Reproduce the section of the listing that begins at the line containing "Einbausteckdose Fußbodensteckdose Steckdose" and finishes at the line containing "Mature caucasian man". Include both end lines and nothing beyond them.
(Beginning of EXTRACTED DATA)
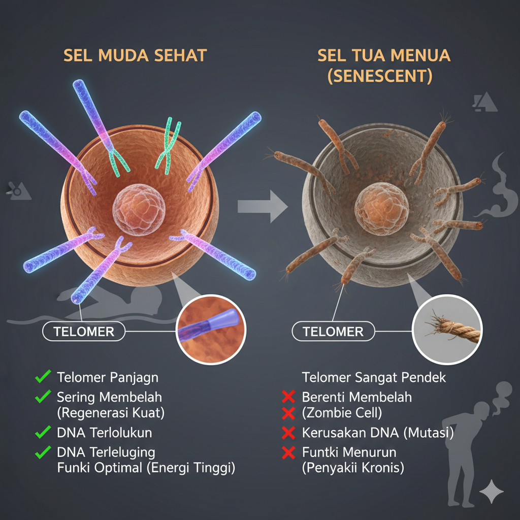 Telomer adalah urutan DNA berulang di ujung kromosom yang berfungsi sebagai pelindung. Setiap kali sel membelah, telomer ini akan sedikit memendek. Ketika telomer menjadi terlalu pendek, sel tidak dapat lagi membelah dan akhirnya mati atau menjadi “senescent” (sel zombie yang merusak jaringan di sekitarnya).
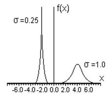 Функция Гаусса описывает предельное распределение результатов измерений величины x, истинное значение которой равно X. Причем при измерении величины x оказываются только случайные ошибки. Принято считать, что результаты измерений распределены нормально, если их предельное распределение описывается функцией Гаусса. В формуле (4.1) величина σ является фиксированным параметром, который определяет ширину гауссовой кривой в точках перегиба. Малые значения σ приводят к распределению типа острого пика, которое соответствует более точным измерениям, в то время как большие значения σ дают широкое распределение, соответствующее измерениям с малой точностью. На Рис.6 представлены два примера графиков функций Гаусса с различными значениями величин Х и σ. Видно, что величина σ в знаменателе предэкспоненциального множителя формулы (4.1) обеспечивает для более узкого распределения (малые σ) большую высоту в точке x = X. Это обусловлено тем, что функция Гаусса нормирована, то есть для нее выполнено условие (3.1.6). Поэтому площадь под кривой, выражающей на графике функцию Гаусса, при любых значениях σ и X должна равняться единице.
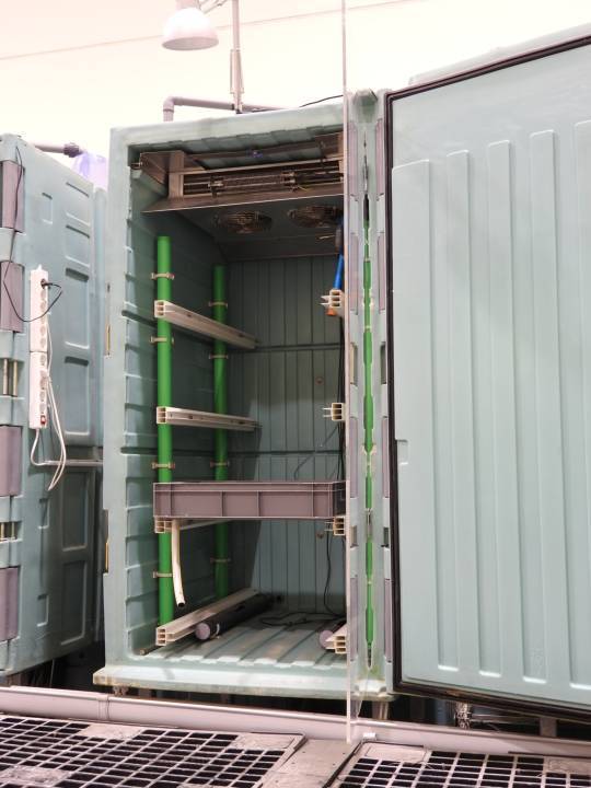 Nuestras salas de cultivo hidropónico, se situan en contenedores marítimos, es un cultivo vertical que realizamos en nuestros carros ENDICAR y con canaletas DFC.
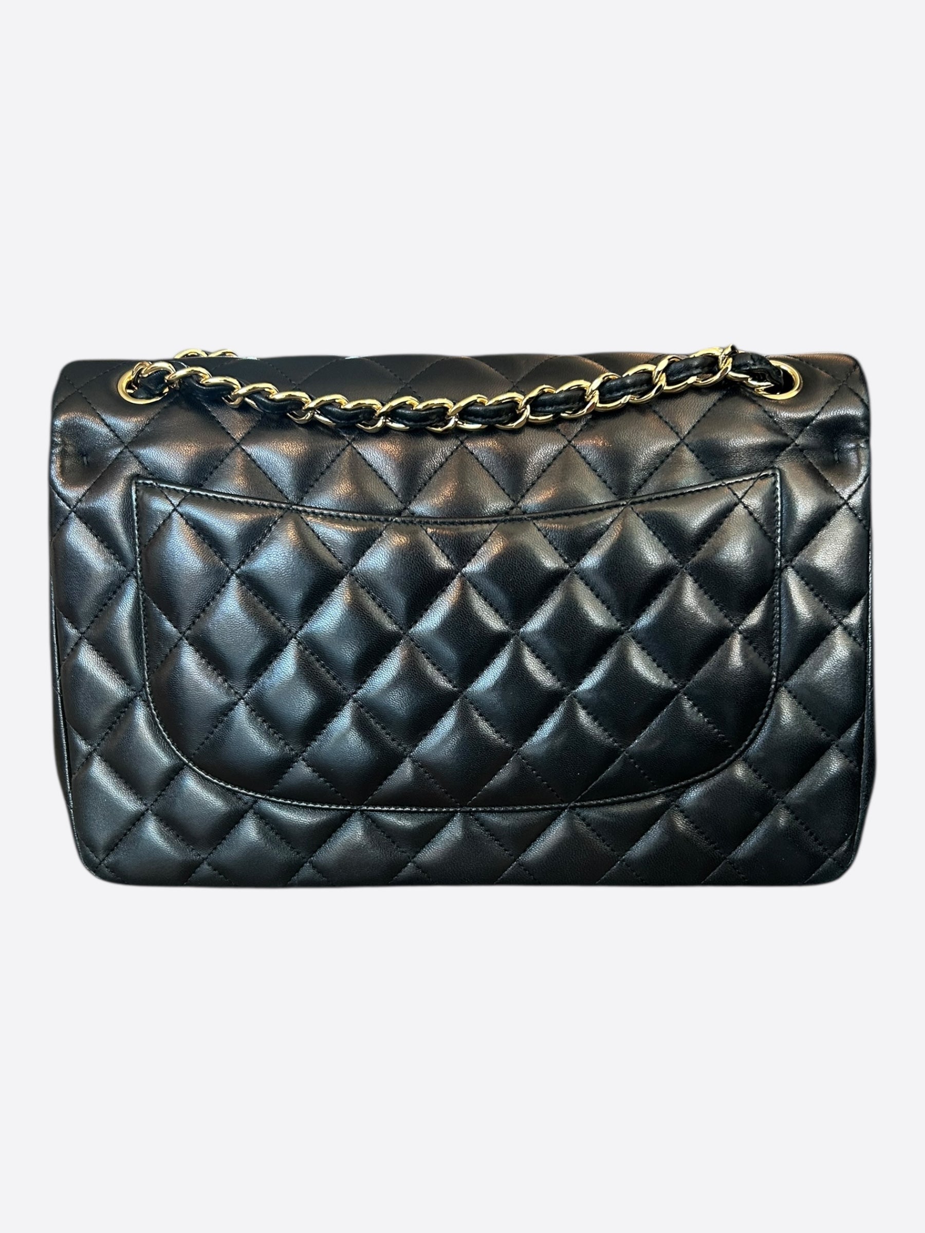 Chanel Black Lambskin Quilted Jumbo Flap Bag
(End of EXTRACTED DATA)
(Beginning of EXTRACTED DATA)
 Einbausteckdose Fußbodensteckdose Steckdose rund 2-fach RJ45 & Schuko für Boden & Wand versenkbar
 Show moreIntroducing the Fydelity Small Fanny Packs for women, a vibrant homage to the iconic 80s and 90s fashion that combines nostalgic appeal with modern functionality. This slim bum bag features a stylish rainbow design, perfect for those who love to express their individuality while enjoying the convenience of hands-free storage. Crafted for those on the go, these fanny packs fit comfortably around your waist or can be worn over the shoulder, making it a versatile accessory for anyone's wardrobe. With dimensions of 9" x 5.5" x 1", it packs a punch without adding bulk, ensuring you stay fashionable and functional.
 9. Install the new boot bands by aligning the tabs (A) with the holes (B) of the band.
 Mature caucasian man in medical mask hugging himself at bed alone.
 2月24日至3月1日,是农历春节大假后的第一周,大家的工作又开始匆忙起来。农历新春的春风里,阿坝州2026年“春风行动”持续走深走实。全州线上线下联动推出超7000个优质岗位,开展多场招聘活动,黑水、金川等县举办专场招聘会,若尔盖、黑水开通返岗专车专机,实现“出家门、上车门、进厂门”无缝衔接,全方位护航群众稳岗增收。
(End of EXTRACTED DATA)
(Beginning of EXTRACTED DATA)
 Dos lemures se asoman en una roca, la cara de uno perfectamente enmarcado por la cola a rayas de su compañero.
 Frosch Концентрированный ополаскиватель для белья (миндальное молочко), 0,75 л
(End of EXTRACTED DATA)
▶ _RESPONSE TO THE TASK_:
 Einbausteckdose Fußbodensteckdose Steckdose rund 2-fach RJ45 & Schuko für Boden & Wand versenkbar
 Show moreIntroducing the Fydelity Small Fanny Packs for women, a vibrant homage to the iconic 80s and 90s fashion that combines nostalgic appeal with modern functionality. This slim bum bag features a stylish rainbow design, perfect for those who love to express their individuality while enjoying the convenience of hands-free storage. Crafted for those on the go, these fanny packs fit comfortably around your waist or can be worn over the shoulder, making it a versatile accessory for anyone's wardrobe. With dimensions of 9" x 5.5" x 1", it packs a punch without adding bulk, ensuring you stay fashionable and functional.
 9. Install the new boot bands by aligning the tabs (A) with the holes (B) of the band.
 Mature caucasian man in medical mask hugging himself at bed alone.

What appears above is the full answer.